Powered lower limb prosthetics hold promise for improving the mobility of amputees, but errors in the technology may also cause some users to stumble or fall. New research examines exactly what happens when these technologies fail, with the goal of developing a new generation of more robust powered prostheses.
“My work has focused on developing technology that translates electrical signals in human muscle into signals that control powered prosthetic limbs – such as decoding muscle signals to tell a prosthetic leg that it needs to walk forward or step up onto a staircase,” says Dr. Helen Huang, senior author of a paper on the work and an associate professor in the joint biomedical engineering program at North Carolina State University and the University of North Carolina at Chapel Hill.
“But sometimes this ‘decoding’ technology makes mistakes, such as thinking someone wants to climb a step when he doesn’t,” says Fan Zhang, lead author of the paper and a Ph.D. student in the joint biomedical engineering program. “This is a problem, because we don’t want to put users at risk of stumbling or falling.”
Huang’s team set out to understand exactly what happens to users of powered prosthetic legs when there’s an error in the decoding technology.
“We not only want to improve the decoding accuracy, but determine which errors are important and which have little or no impact on users,” Huang says. “Understanding the problem is an important step in finding ways to make these prostheses more reliable.”
To address the issue, the researchers had study subjects use a customized prosthetic device that was programmed to make errors. This was done in a lab setting that allowed Huang’s team to monitor each user’s balance and biomechanics. Users were also asked how stable they felt during each trial.
The researchers found that some errors were so insignificant that users didn’t even notice them – particularly errors that were short in duration or that occurred when a user’s weight was not being applied to the prosthetic leg.
But errors that lasted longer, or that occurred when a user’s weight was on the prosthetic limb, were more noticeable. The researchers also determined that critical, or especially noticeable, errors were also characterized by a large “mechanical work change,” meaning the prosthetic limb thought it had to do significantly more or less work than the user intended. Video of a “stable” test can be seen at https://www.youtube.com/watch?v=ZFka6AgrKdg&feature=youtu.be. Video of an “unstable” test can be seen at the top of the page, or at https://www.youtube.com/watch?v=-BnCa0cqZMg&feature=youtu.be.
“One of the things we’ll be doing as we move forward with this work is seek ways to limit that mechanical work change,” Huang says.
“Any system that involves a human interface will have occasional errors,” Huang notes. “But we think we can find ways to make those errors effectively insignificant.”

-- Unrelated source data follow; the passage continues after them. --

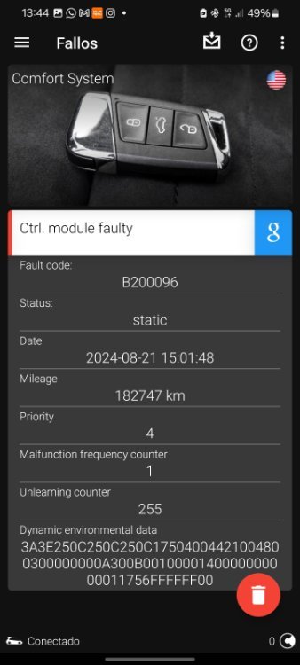 Aporto mas datos 46 Comfort System Descripción del sistema: BCM2 MLBevo Número de software: 8W0907064DB Versión de software: 0366 Número de hardware: 8W0907064DB Versión de Hardware: 019 Nombre ODX: EV_BCM2HellaAU736 Versión ODX: 013013 Codificación larga: 01340000402000E06309A0006600080233030000804306502F04000000040030001F0001000000 Códigos de error: B200096 - Ctrl. module faulty static Date: 2024-08-21 15:01:48 Mileage: 182747 km Priority: 4 Malfunction frequency counter: 1 Unlearning counter: 255 Dynamic environmental data: 3A3E250C250C250C17504004421004800300000000A300B0010000140000000000011756FFFFFF00
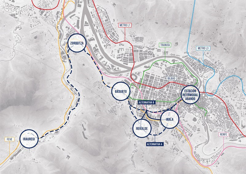 Una de las alternativas consiste en la utilización de la antigua línea de Feve conectándola, mediante sistemas de tipo funicular, con los centros de Rekalde e Irala. La otra opción, plantea una variante de trazado de la citada línea con dos nuevas estaciones en los centros urbanos de Rekalde e Irala.
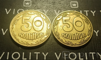Украинец продает две монеты из латуни номиналом 50 копеек.
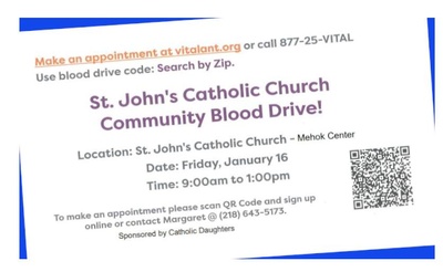 St John's Blood Drive St John's Catholic Church Community Blood Drive Images Gallery Image × St John's Blood Drive Set a Reminder Enter your email address below to receive a reminder message. Email address Select the amount of Days before the event -- Select Days Before Event -- 1 Day 2 Days 3 Days 1 Week Captcha Validation Please complete the Captcha Submit Date and Time Friday Jan 16, 2026 9:00 AM - 1:00 PM CST Friday, January 16th Time: 9:00am - 1:00pm Location St John's Church - Mehok Center Contact Information Margaret - 218-643-5173 Set a Reminder Enter your email address below to receive a reminder message. Email address Select the amount of Days before the event -- Select Days Before Event -- 1 Day 2 Days 3 Days 1 Week Captcha Validation Please complete the Captcha Submit Share × Print Email Add to Calendar Facebook Twitter LinkedIn Tell a Friend × Select Calendar Type × Google Yahoo iCal (Outlook, Apple, or other)
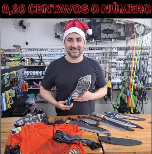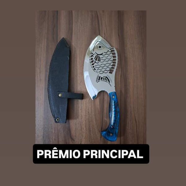 O ganhador leva para casa 1 Cutelo artesanal com lâmina com formato de peixe ou 250 no Pix.
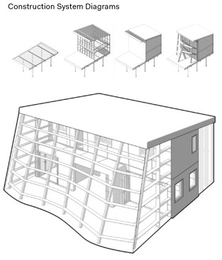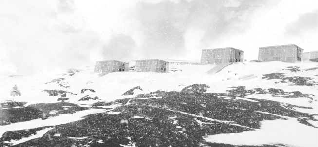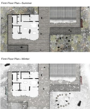 Mélissa Mailhot’s proposal for a new type of dwelling features a large enclosed porch that is inspired by the construction of Inuit kayaks. The house rises on piers to minimize impact on the landscape and is constructed of recycled and recyclable materials. The porch can be opened to the rest of the house in warmer months, increasing living area, and it provides a sheltered connection to the landscape and an insulating buffer for the living spaces during the harsh winter.

The paper, “Effects of Locomotion Mode Recognition Errors on Volitional Control of Powered Above-Knee Prostheses,” is published in early view online in the journal IEEE Transactions on Neural Systems and Rehabilitation Engineering. The paper was co-authored by Ming Liu, a laboratory manager in the joint biomedical engineering program. The work was supported by the National Science Foundation under grants number 1406750 and 1361549, by the Department of Defense under grant number W81XWH-09-2-0020, and by the National Institute on Disability and Rehabilitation Research under grant number H133G130308.

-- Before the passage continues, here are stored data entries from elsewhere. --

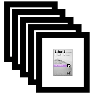 Set of 5 Gallery Wall Frame Set: Complete your gallery wall with this set of five sleek black picture frames. Each 5.5x6.5 frame is crafted from high-quality materials and features a modern design that complements any decor. Versatile Display Options: Use these collage picture frames for wall to frame 5.5x6.5 photos without mat or use this 2.5x3.5 frame with mat. Each wall picture frame has an actual mat opening size of 2x3 inches and suitable for wall or tabletop display. High-Quality Materials: Our gallery-style frames are expertly constructed using PVC molding. It has a plexiglass front, providing a clear view of your photos. Each photo frame also has a sturdy backboard, ensuring a secure placement for your photos. Load Your Photos With Ease: Utilize our user-friendly turn buttons located at the back of our photo frames. With these easy-to-open buttons, inserting and updating photos becomes a simple and swift process, enabling you to update and enhance your display. Easy to Hang: Our plastic picture frames set is designed with lightweight construction and comes with built-in hanging hardware, ensuring quick and effortless installation on your walls in either horizontal or vertical format.
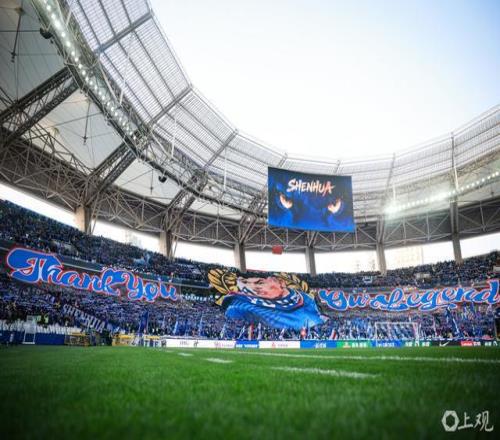 賽前,上海體育場看臺展出巨型TIFO,向不久前退役的老將于漢超致敬,場面感人。
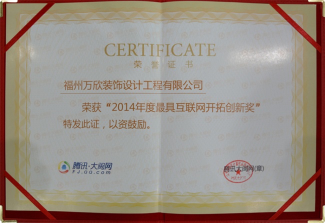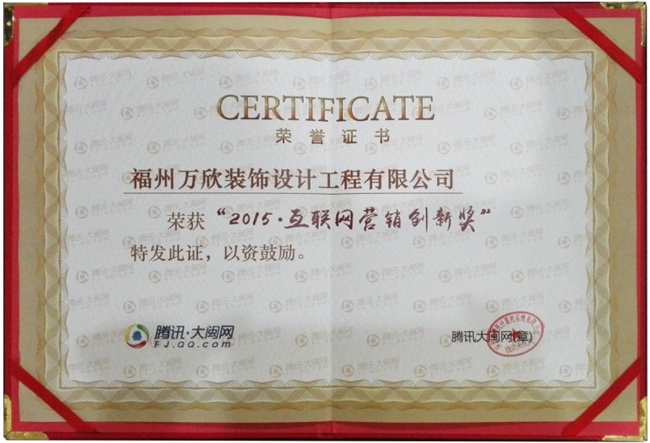 - >騰訊大閩網(wǎng)授予萬(wàn)欣裝飾"2015·互聯(lián)網(wǎng)營(yíng)銷創(chuàng)新獎(jiǎng)"

Note to Editors: The study abstract follows.
“Effects of Locomotion Mode Recognition Errors on Volitional Control of Powered Above-Knee Prostheses”

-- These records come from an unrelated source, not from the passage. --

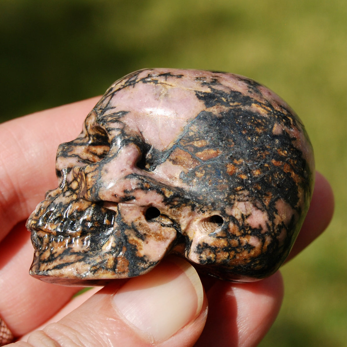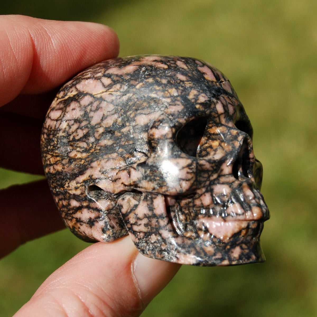 2" Pink Rhodonite Carved Crystal Skull
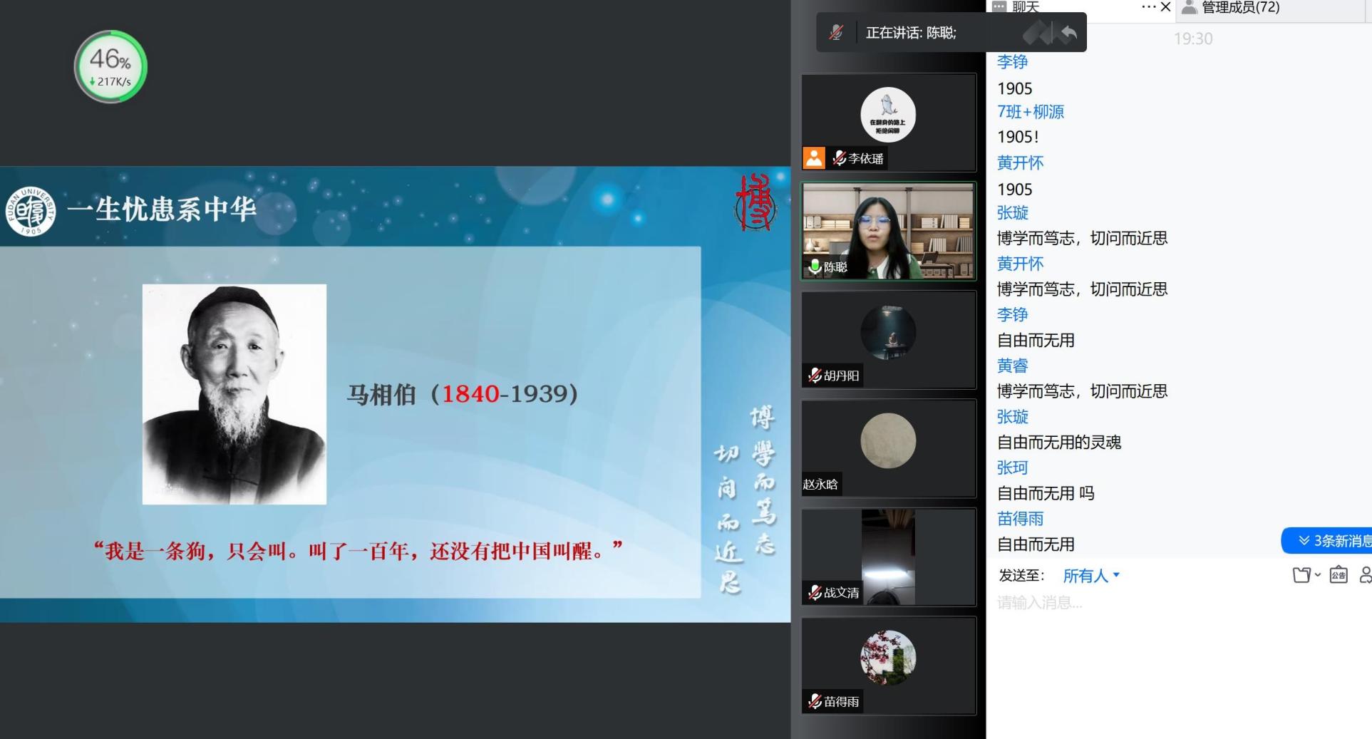 的创始人马相伯先生。马相伯线上在办学理念上,极力主张“学术独立,思想自由”,拒绝以行政、宗教的名义干涉教学,第一次在中国提出了文理并重、明确提出要注重科学……这次讲座令我受益匪浅,无论是“日月光华,旦复旦兮”还是“博学而笃志,切问而近思”都凝聚着一代又一代复旦学子的所学所求,作为复旦学生,我们更应珍惜在复旦的学习时光,更好地发挥自己的责任与担当。
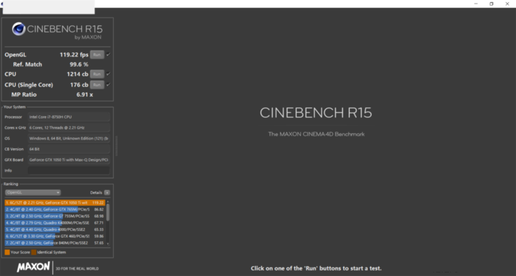 在Cine Bench R15的測試中,單線程分數為176cb,多線程分數為1214cb,相較于同樣采用了i7-8750H處理器的其它產品性能要高出不少,基本上可以滿足大部分主流圖形處理工作和沙盒類游戲需求。
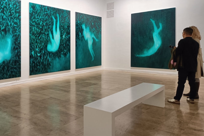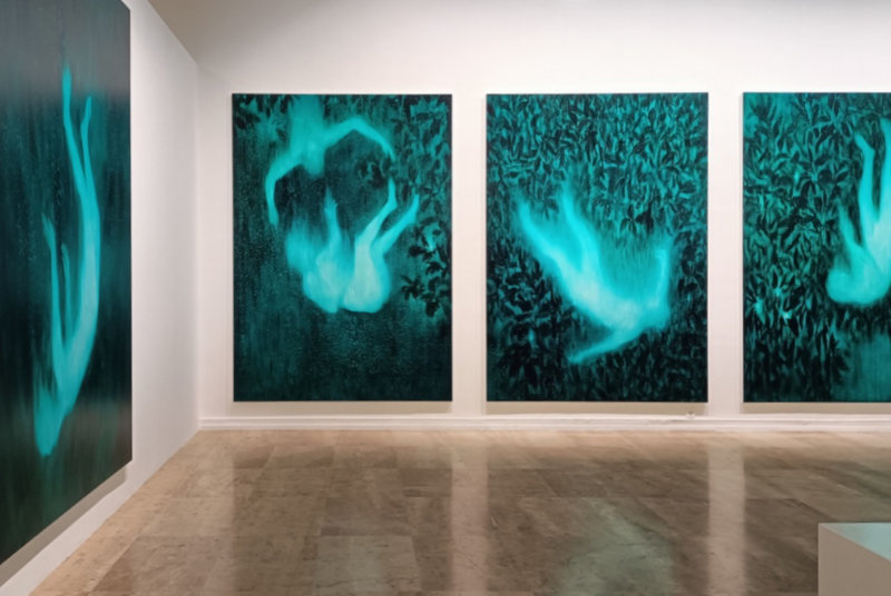 Retour à la peinture avec Xie Lei. Mais une peinture onirique, aux racines plongées dans la mythologie, les contes et l’impressionnisme. Des corps tombants, nus, ont perdus leurs traits, leurs visages s’effilochent et leurs identités s’effacent. Il ne reste que la lumière. Les hommes flottent donc, lumineux comme des lunes, en silhouettes blanches phosphorescentes. Dans un décor de canopées aux feuilles noires comme des ombres, leur chute ralentit, devient un flottement, des couples s’enlacent, des amants tentent de retenir leur partenaire qui s’éloigne, attiré par des forces invincibles. Il y a quelque chose ici de la beauté de la littérature, le mythe relu avec un romantisme amoureux d’adolescent est plutôt rafraichissant par les temps qui courent. Les trainées de bulles que laissent ces corps sombrant dans l’eau sont autant de soupirs que d’espoirs.
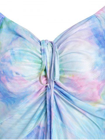 Print Dresses > Mesh Overlay Tie Dye Cinched Handkercheif Dress
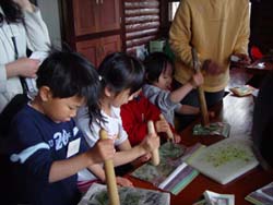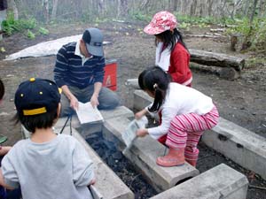 食後には、笹茶とタンポポコーヒーを飲みました。笹茶は、笹の葉っぱをはさみでチョキチョキと細かくしてからフライパンでカラ煎りします。それを煮出すと美味しいお茶に。タンポポの根で作るコーヒーはにがーい味でした。 |
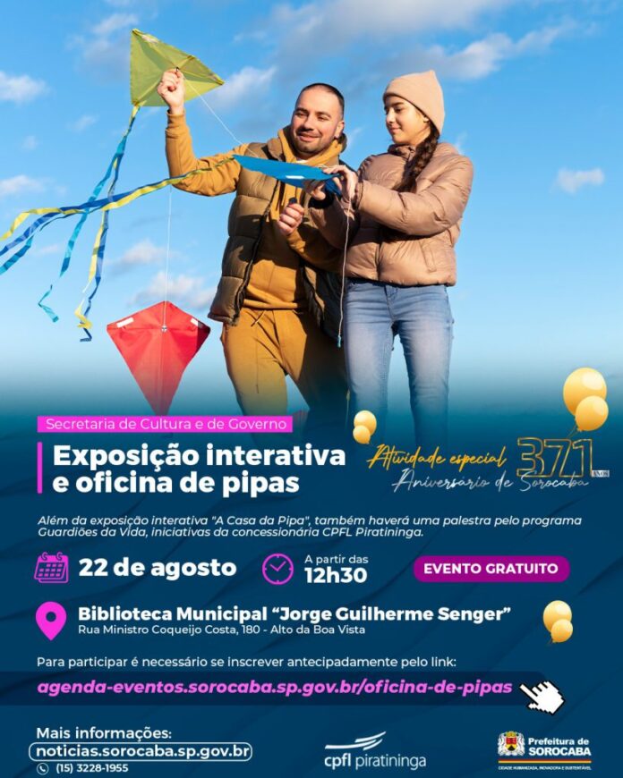 As famílias sorocabanas terão a oportunidade de participar, no dia 22 de agosto, a partir das 12h30, da oficina gratuita de confecção de pipas, na Biblioteca Municipal “Jorge Guilherme Senger”, localizada no Alto da Boa Vista. No local, também terá a exposição interativa “A Casa da Pipa”, além de uma palestra pelo programa Guardiões da Vida, iniciativas da concessionária CPFL Piratininga.
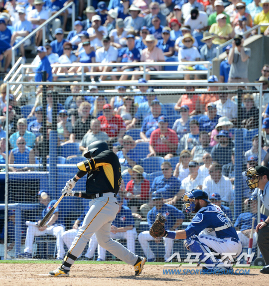 피츠버그 파이어리츠의 강정호가 시범경기에서 첫 안타이자 첫 홈런포를 가동했다. 강정호는 4일(한국시간) 미국 플로리다 주 더네딘의 플로리다 오토 익스체인지 스타디움에서 펼쳐진 2015 메이저리그 시범경기 토론토 블루제이스와의 경기에 6번타자 유격수로 선발출장했다. 5대0으로 앞선 3회초 2사 타석에 들어선 강정호는 토론토의 바뀐 투수 마르코 에스트라다를 상대로 우중월 담장을 넘기는 솔로홈런을 날렸다. 5회초 타석에 선 강정호가 타격자세르 취하고 있다. 더네딘(미국 플로리다)=허상욱 기자 wook@sportschosun.com/2015.03.04

Authors: Fan Zhang, Ming Liu, and He Huang, North Carolina State University and the University of North Carolina at Chapel Hill
Published: forthcoming from IEEE Transactions on Neural Systems and Rehabilitation Engineering
Abstract: Recent studies have reported various methods that recognize amputees’ intent regarding locomotion modes, which is potentially useful for volitional control of powered artificial legs. However, occasional errors in locomotion mode recognition are inevitable. When these intent recognition decisions are used for volitional prosthesis control, the effects of the decision errors on the operation of the prosthesis and user’s task performance is unknown. Hence, the goals of this study were to (1) systematically investigate the effects of locomotion mode recognition errors on volitional control of powered prosthetic legs and the user’s gait stability, and (2) identify the critical mode recognition errors that impact safe and confident use of powered artificial legs in lower limb amputees. Five able-bodied subjects and two above-knee (AK) amputees were recruited and tested when wearing a powered AK prosthesis. Four types of locomotion mode recognition errors with different duration and at different gait phases were purposely applied to the prosthesis control. The subjects’ gait stabilities were subjectively and objectively quantified. The results showed that not all of the mode recognition errors in volitional prosthesis control disturb the subjects’ gait stability. The effects of errors on the user’s balance depended on (1) the gait phase when the errors happened and (2) the amount of mechanical work change applied on the powered knee caused by the errors. Based on the study results, “critical errors” were defined and suggested as a new index to evaluate locomotion mode recognition algorithms for artificial legs. The outcome of this study might aid the future design of volitionally-controlled powered prosthetic legs that are reliable and safe for practice.